A study assesses the performances of seven different ML methods, such as LR, SVM, RF, LASSO, sparse neural network (sNNR), Extreme gradient boosting (XGboost) and stochastic gradient boosting (SGB) to predict GC risk after H. pylori eradication27. Based on period of eradication therapy, the data was divided into two train and test datasets. The AUC was obtained to calculate the model performance. The results of the study revealed that the XGboost was considered as the most successful among all seven models; however, the SVM was had the lowest sensitivity, specificity and AUC, which was inconsistent with our finding that SVM was regarded as the best ML algorithm. In their study, age, smoking, drinking, comorbities, need of Helicobacter pylory retreatment, medications were significant in both high and low- risk patients. Some of variables such as drinking, comorbities, need of Helicobacter pylory retreatment, medications were not taken in our study. On the contrary, size of tumor and age were as essential variables, which was compatible in our study that age in RF serves as significant variable.

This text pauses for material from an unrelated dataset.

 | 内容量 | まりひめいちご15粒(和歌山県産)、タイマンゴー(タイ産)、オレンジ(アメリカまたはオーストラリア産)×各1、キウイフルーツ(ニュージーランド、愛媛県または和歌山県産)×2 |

Akcay et al. (2020) investigated the overall survival (OS) and recurrence patterns by ML algorithms in patients with radiation therapy28. The goal of the study was to fit the ML approaches, including LR, XGBoost, SVM, RF, multilayer perceptron (MLP) and Gaussian Naive Bayes (GNB) in the assessment of the OS, distant metastasis (DM), and peritoneal recurrence (PR) prediction. The best performance models in the prediction of OS, distant metastases, and peritoneal metastases were discoverd to be GNB, XGBoost and RF, respectively. Also, in their study GNB was considered as the better model to evaluate the OS, but all ML-based approaches had ideal performances in our study and it seems that SVM act as a better model among 6 methods. The almost identical AUC of this survey was consistent with our study on GC patients.

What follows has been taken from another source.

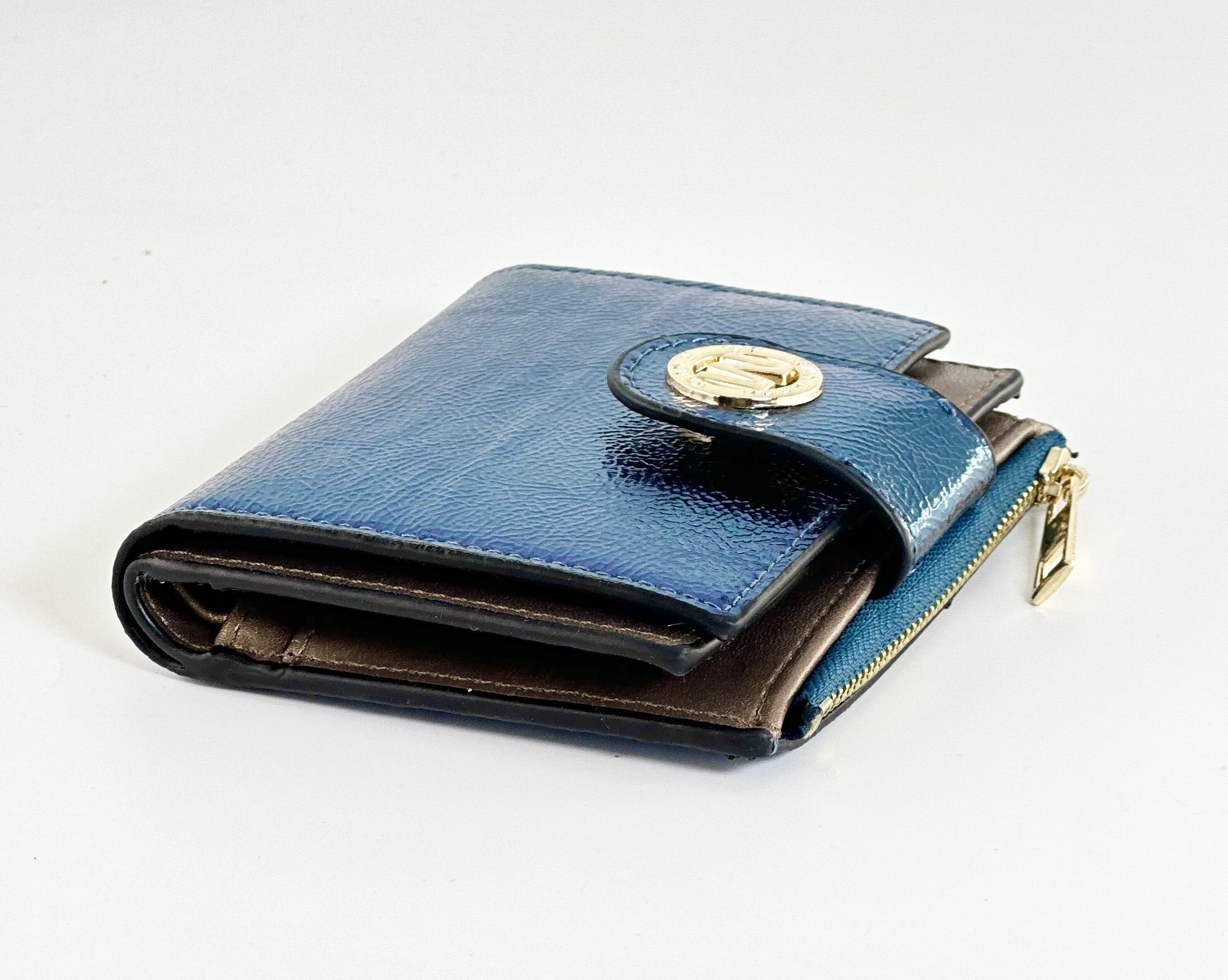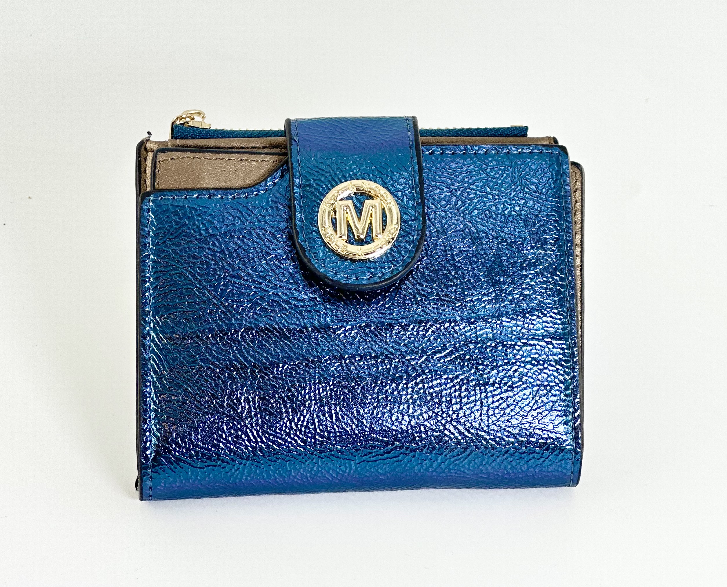 Είναι μεσαίου μεγέθους πορτοφόλι από συνθετικό δέρμα με μεταλλική, ιριδίζουσα υφή σε βαθύ ηλεκτρίκ μπλε χρώμα.

A clinical study applied ML approaches to predict lymph node metastasis in GC patients29. The result of the study showed that tumor size, grade of tumor, depth of tumor and age were significant (P < 0.001). The essential factors in the study were consistent with our study that age, tumor size and grade were significant. Also, their results presented that NN model had maximum and gradient boosting machine (GBM) method had the minimum sensitivity and specificity among seven ML-based algorithms, respectively. The result of this study was consistent with our study, that NN model was regarded as the successful model among 6 methods.

Zhou et al. established the prediction of metastasis in GC patients using 5 techniques of MLs16. Those methods were LR, RF, DT, GBM and Light Gradient Boosting. The most and the least AUC were related to gbm and DT, respectively. The minimum AUC in the study was compatible with our study (AUC = 0.75 in test dataset). Furthermore, the prime variables were tumor size, pathological type and depth of invasion in the study; nevertheless, tumor size, age, grade of tumor, the number of involved lymph node, treatment type, were significant in our study. Also, the precision of RF model is a little better than other models.

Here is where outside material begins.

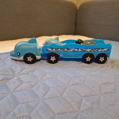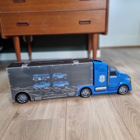 Lekebil. Har vert en fjernstyrt bil men den er ødelagt.

As a limitation of the present study, we have to state the small size of the dataset (733 patients): a larger dataset would have let us to extract more valid results. Additional factors about the th GC patients (race, drinking, depth of tumor, stage of tumor, primary site, etc.) and their activity and nutrition factors would have been useful to challenge additional risk factors for GC. Also, if another dataset with the same features from a different geographical region had been accessible, we would have applied it as a validation cohort to establish our outputs.

Conclusion

Among 6 presented models in our study, SVM was considered as top approach. Then, NN and RF can be better as better ML-based algorithms among 6 methods. Also, tumor size, age, grade of tumor, the number of involved lymph node, treatment type, BMI, marital status and history of smoking play a crucial role in patients with GC in RF model.